§ **What needs to be done**
Go to the line holding "ORDEN DE 3 BANDERILLAS" in the data below and repeat it exactly, then each line after it up to and including the one holding "Handcrafted glass tray". Omit pictures.

§ **Data listing**

........

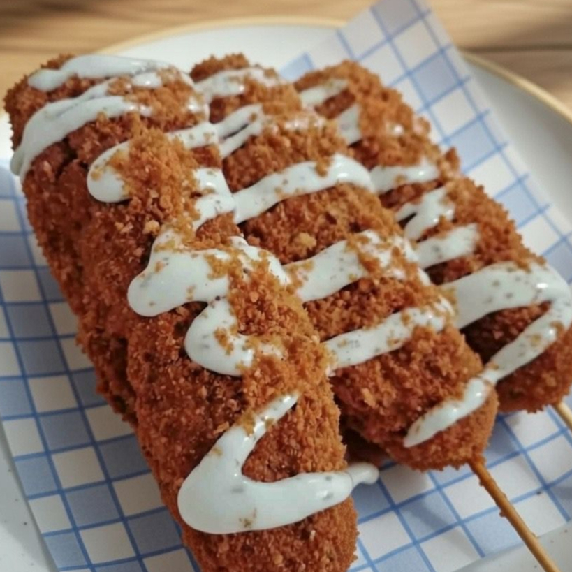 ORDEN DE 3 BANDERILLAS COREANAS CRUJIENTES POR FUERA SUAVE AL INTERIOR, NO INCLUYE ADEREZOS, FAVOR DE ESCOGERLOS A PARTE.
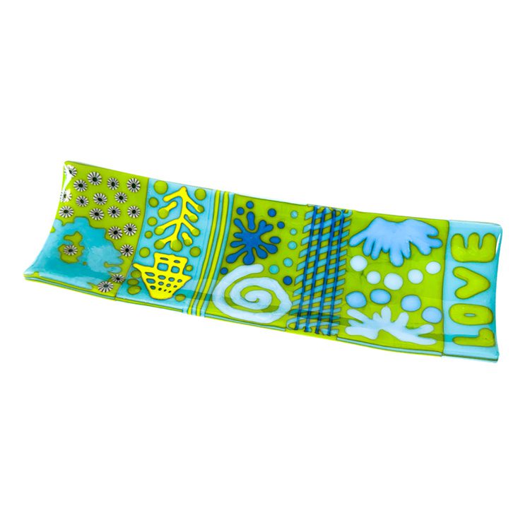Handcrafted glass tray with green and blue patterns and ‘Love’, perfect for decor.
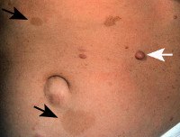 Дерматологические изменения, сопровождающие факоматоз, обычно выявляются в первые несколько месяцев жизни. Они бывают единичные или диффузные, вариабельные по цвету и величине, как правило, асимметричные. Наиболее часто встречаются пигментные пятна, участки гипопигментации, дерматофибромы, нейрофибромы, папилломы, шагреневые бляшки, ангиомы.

........

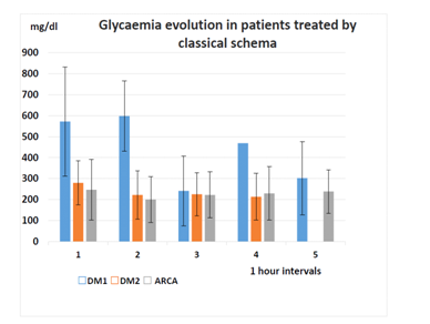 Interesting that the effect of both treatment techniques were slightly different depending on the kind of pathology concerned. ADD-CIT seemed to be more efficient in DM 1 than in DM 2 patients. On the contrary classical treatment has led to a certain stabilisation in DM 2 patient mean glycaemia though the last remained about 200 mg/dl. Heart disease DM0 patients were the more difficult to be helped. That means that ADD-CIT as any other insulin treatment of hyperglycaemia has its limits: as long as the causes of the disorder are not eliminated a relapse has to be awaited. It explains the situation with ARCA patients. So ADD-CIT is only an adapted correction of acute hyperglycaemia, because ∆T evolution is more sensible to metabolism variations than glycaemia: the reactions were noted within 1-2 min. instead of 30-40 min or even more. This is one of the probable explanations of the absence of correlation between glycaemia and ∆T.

........

§ **Exercise output**
 ORDEN DE 3 BANDERILLAS COREANAS CRUJIENTES POR FUERA SUAVE AL INTERIOR, NO INCLUYE ADEREZOS, FAVOR DE ESCOGERLOS A PARTE.
Handcrafted glass tray with green and blue patterns and ‘Love’, perfect for decor.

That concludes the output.